McDowall also said the addiction was often glamourised. “Workaholics look good to organisations: they’re highly engaged, energetic and absorbed by their work,” she said. “It takes time for employers to realise they are actually substantially less productive than their co-workers, can’t work in teams or delegate.”
Prof Gail Kinman, who co-chairs the British Psychological Society’s worklife balance working group, said hybrid working, freelancing and globalisation has “a lot of answer for”. “Hybrid working and freelancing means people can work 24/7 under the radar, and globalisation means you can work across a number of different time zones,” she said.

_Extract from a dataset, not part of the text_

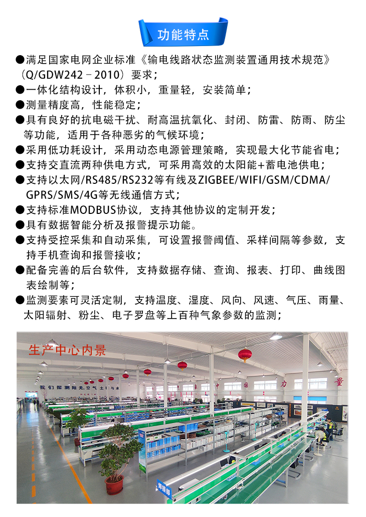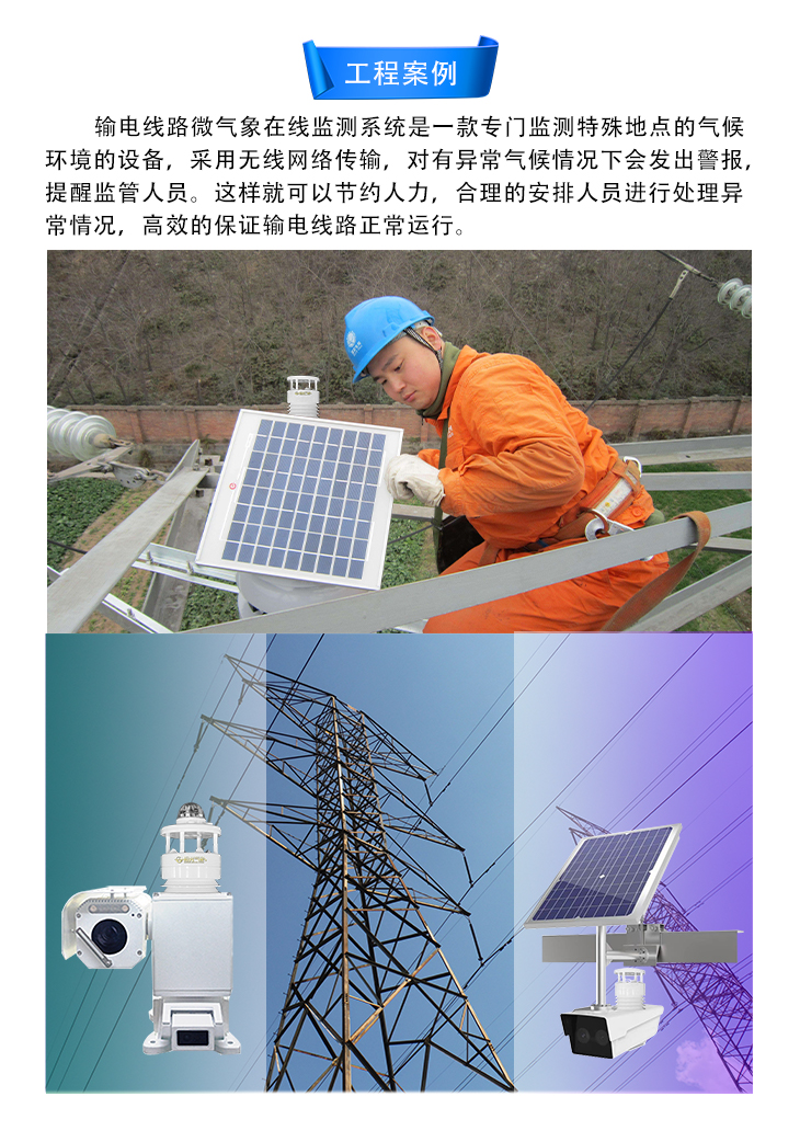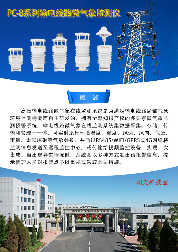 高壓輸電線路微氣象在線監(jiān)測系統(tǒng)是為滿足輸電線路局部氣象環(huán)境監(jiān)測需要而自主研發(fā)的、擁有全部知識產(chǎn)權(quán)的多要素微氣象監(jiān)測預(yù)警系統(tǒng),輸電線路微氣象在線監(jiān)測系統(tǒng)集數(shù)據(jù)采集、存儲、傳輸和管理于一體,可實(shí)時采集環(huán)境溫度、濕度、風(fēng)速、風(fēng)向、氣壓、雨量、太陽輻射等氣象參數(shù),并通過RS485/WiFi/GPRS或4G網(wǎng)絡(luò)將監(jiān)測信息發(fā)送至遠(yuǎn)程監(jiān)控中心,或傳輸給視頻監(jiān)控設(shè)備,實(shí)現(xiàn)二次集成。當(dāng)出現(xiàn)異常情況時,系統(tǒng)會以多種方式發(fā)出預(yù)報(bào)警信息,提示管理人員對報(bào)警點(diǎn)予以重視或采取必要措施。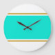 Fun Wide Retro Bright Aqua White Racing tripes Large Clock

Marion, 57, has finally given up work after decades of workaholism. “My brain is diseased, I have to accept that,” she said. “I deliberately started candle-making because it was something that I couldn’t put on a CV - then I decided to make it into a business. I got a dog – and immediately began planning to breed her.
Marion is now losing sight in her second eye as well. “Soon I’ll be blind and I need to figure out a way to live like that,” she said. “I may, one day, learn to just ‘be’ and not achieve but I will always carry the lifelong scars of workaholism.”
*All case study names have been changed.